[파이썬] seaborn 시계열 데이터 시각화

Seaborn is a popular Python data visualization library that provides a high-level interface for creating beautiful and informative statistical graphics. It is built on top of Matplotlib and integrates seamlessly with Pandas dataframes.

In this blog post, we will explore how to use Seaborn to visualize time series data. Time series data is a sequence of data points collected at regular time intervals. It is commonly encountered in various domains such as finance, economics, weather forecasting, and more.

Getting Started

Before we begin, make sure you have Seaborn installed. You can install it using pip:

pip install seaborn

Next, let’s import the necessary libraries:

import seaborn as sns
import pandas as pd
import matplotlib.pyplot as plt

Loading Time Series Data

To demonstrate time series visualization, let’s use the famous “Air Passengers” dataset.

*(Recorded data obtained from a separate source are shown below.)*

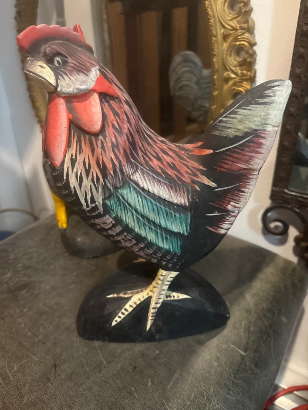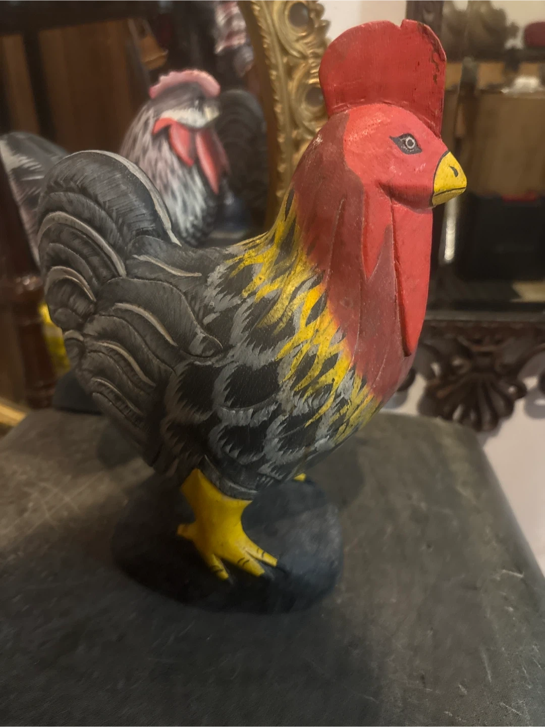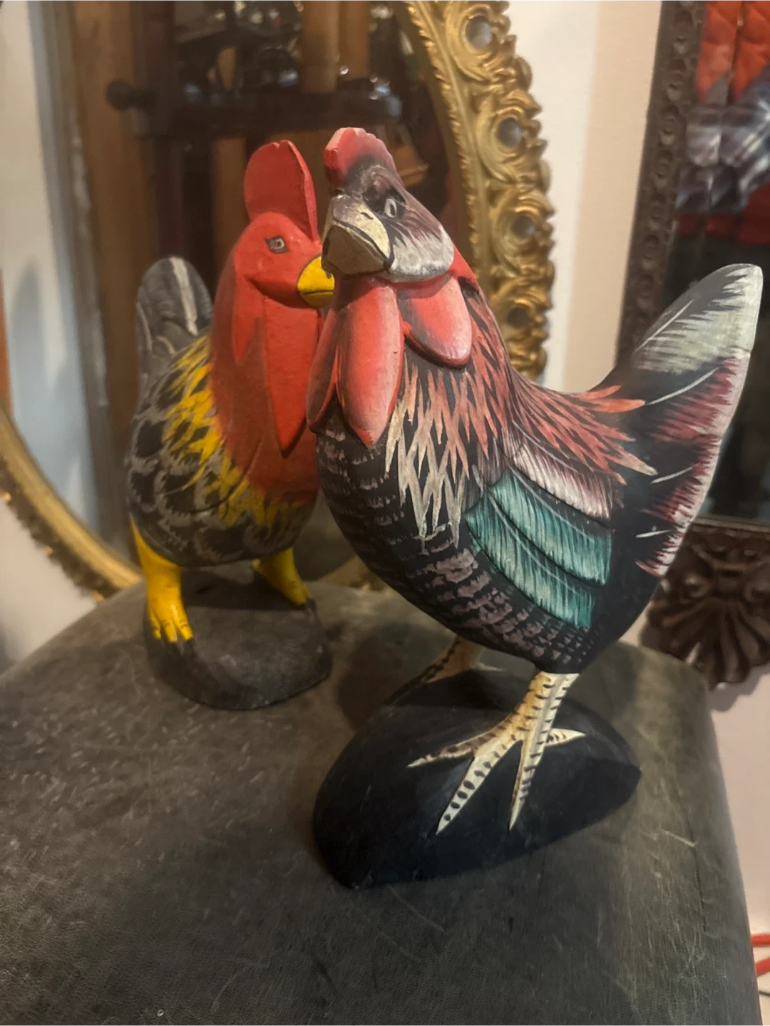 A charming hand-painted pair of playful woody painted cocks -wooden rooster figurines, showcasing vibrant colours and intricate details. These playful decorative pieces would add a rustic touch to any home decor.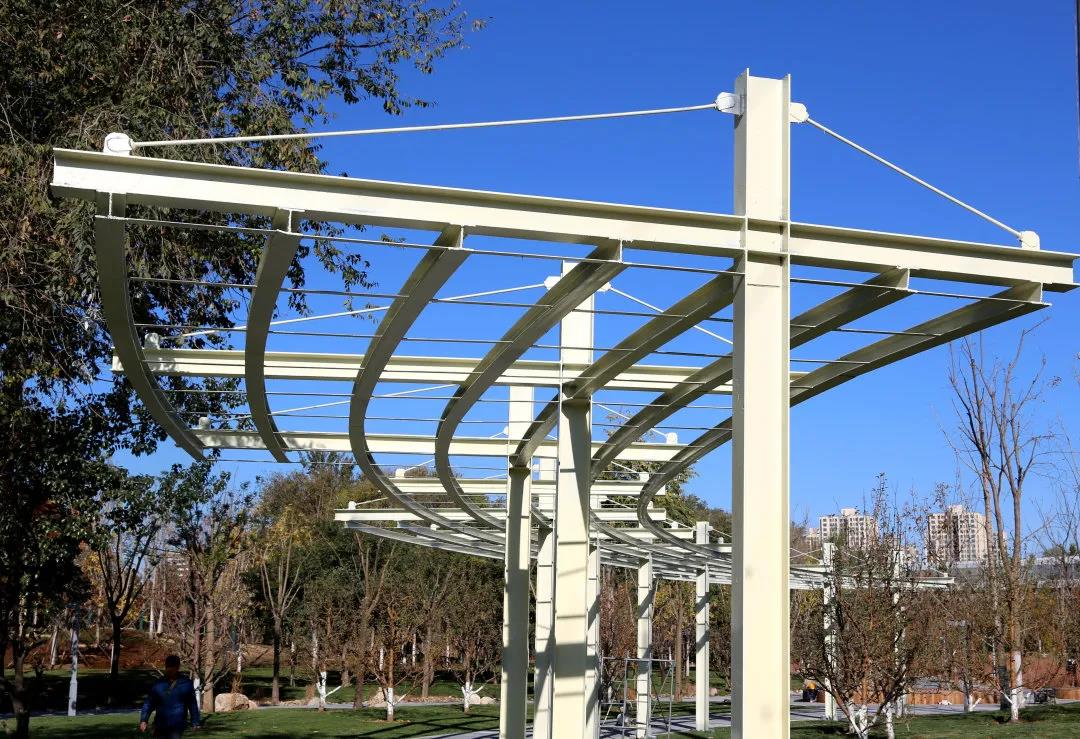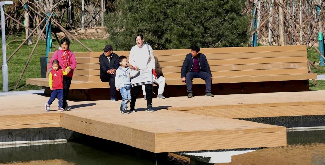 景观绿化设计选用常绿落叶、速生慢生、陆生湿生等不同生活型的树种组合搭配,穿插种植部分鸟噬树种,吸引鸟类,提升物种丰富度。另外,公园里还种植了地被菊、地被月季、八宝景天、宿根植物等几十种常见花卉、树木,空间上疏密有致、高低错落、遮蔽有序,实现“三季有花、四季常绿”。咸宁侯村绿地建设则以自然山水格局为设计出发点,将“山林溪谷”的山形水势作为公园景观空间的基础,通过起伏错落的地形创造层次丰富的“城市森林”同时,利用户外家具、游乐设施和活动区打造丰富有趣的活动空间。目前,已完成绿化4.5万平方米,形成“春花、夏繁、秋叶、冬绿”的四时景色。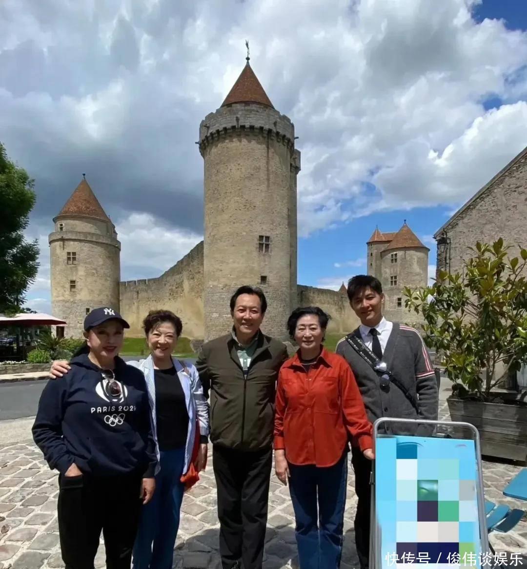 在这张照片中,刘晓庆的穿搭充满时尚感,她选择了简约而典雅的黑色外套搭配休闲裤,彰显出她的独特气质。王馥荔则以蓝上衣搭配黑色裤子,优雅而不失活力,她的卷发更是增添了几分女人味。唐国强则身着黑色外套与深色裤子,显得沉稳而内敛。三人虽然风格各异,但都散发着各自独特的魅力,共同在这古老的城堡前留下了美好的回忆。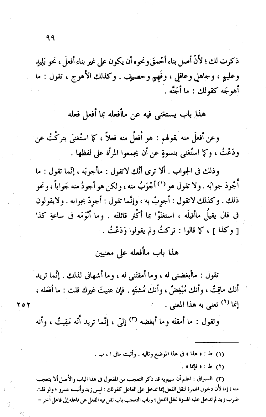 بما أفعل فعله وعن أفعل منه بقولهم: هو أفعل منه فعلاً، كما استغنى بتركت عن ودعت وكما استغنى بنسوةٍ عن أن يجمعوا المرأة على لفظها وذلك في الجواب. ألا ترى أنك لا تقول: ما أجوبه، إنما تقول: ما أجود جوابه. ولا تقول هو أجوب منه، ولكن هو أجود منه جواباً، ونحو ذلك. وكذلك لا تقول: أجوب به، وإنما تقول: أجود بجوابه. ولا يقولون في قال يقيل ما أقيله، استغنوا بما أكثر قائلته. وما أنومه في ساعة كذا وكذا، كما قالوا تركت ولم يقولوا ودعت.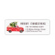 Frohe Weihnachten! Vintage rote LKW Aquarellbilder und grüner Weihnachtsbaum mit weißem Schnee auf Weiß. Perfekter Winter- und Rückadressen-Label.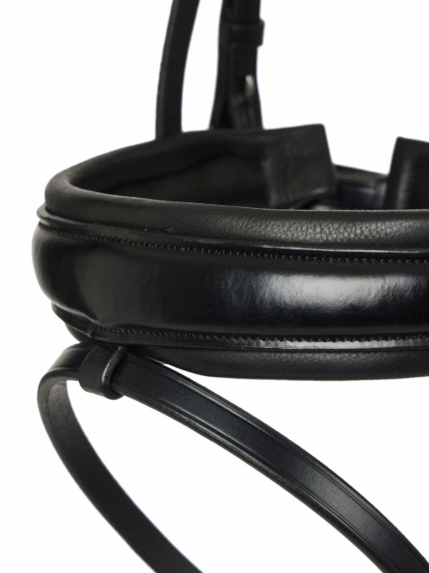 The delicate, beautifully sculpted clincher browband is easily detachable with popper closures. The statement crank noseband is fully cushioned and equipped with a roller buckle, as is the flash strap. Throatlatch secures discreetly with one buckle under the jaw.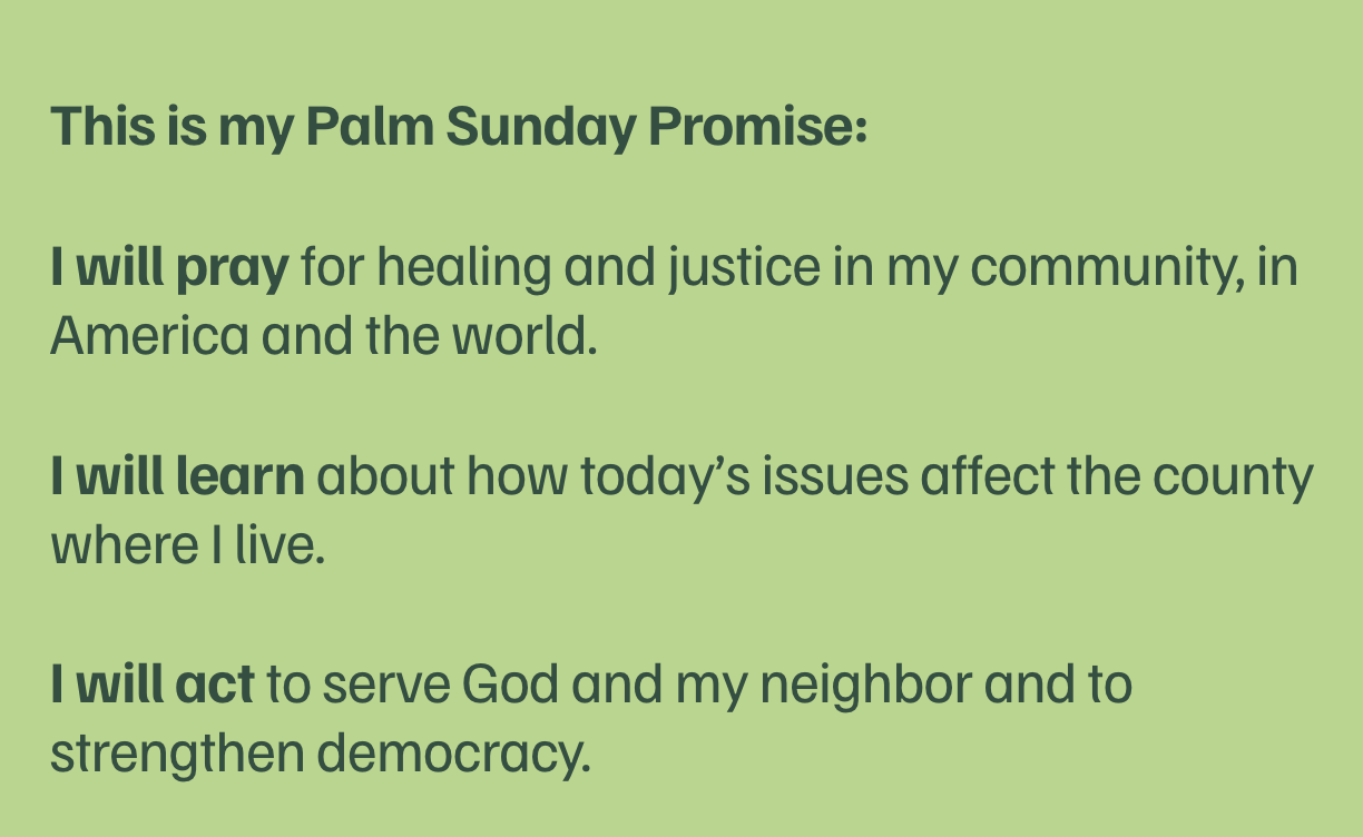 And just like Jesus, those who make a Palm Sunday Promise will pray, learn and act. We promise to work to create a country where the hungry are fed, strangers are welcomed, and the sick are healed. These are Christian values.

It records the number of international airline passengers for each month from 1949 to 1960.

# Load the Air Passengers dataset
df = pd.read_csv('air_passengers.csv', parse_dates=['Month'], index_col='Month')

Line Plot

One of the most common ways to visualize time series data is through a line plot. It shows how the variable (in our case, the number of airline passengers) changes over time.

# Line plot
sns.lineplot(data=df)
plt.ylabel('Number of Passengers')
plt.title('Air Passengers Over Time')
plt.show()

Line Plot

Area Plot

An area plot is similar to a line plot, but with the area under the line filled. It can be used to represent stacked quantitative data over time.

# Area plot
sns.lineplot(data=df, ci=None)
plt.fill_between(df.index, df['Passengers'], alpha=0.4)
plt.ylabel('Number of Passengers')
plt.title('Air Passengers Over Time')
plt.show()

Area Plot

Bar Plot

A bar plot can be used to compare categorical data over time. It shows the value of a variable for different categories at each time point.

# Bar plot
sns.barplot(data=df, x=df.index.year, y='Passengers', ci=None)
plt.xlabel('Year')
plt.ylabel('Number of Passengers')
plt.title('Air Passengers by Year')
plt.show()

Bar Plot

Heatmap

A heatmap is useful for visualizing the correlation between different variables over time. It uses color intensity to represent the strength of the relationship.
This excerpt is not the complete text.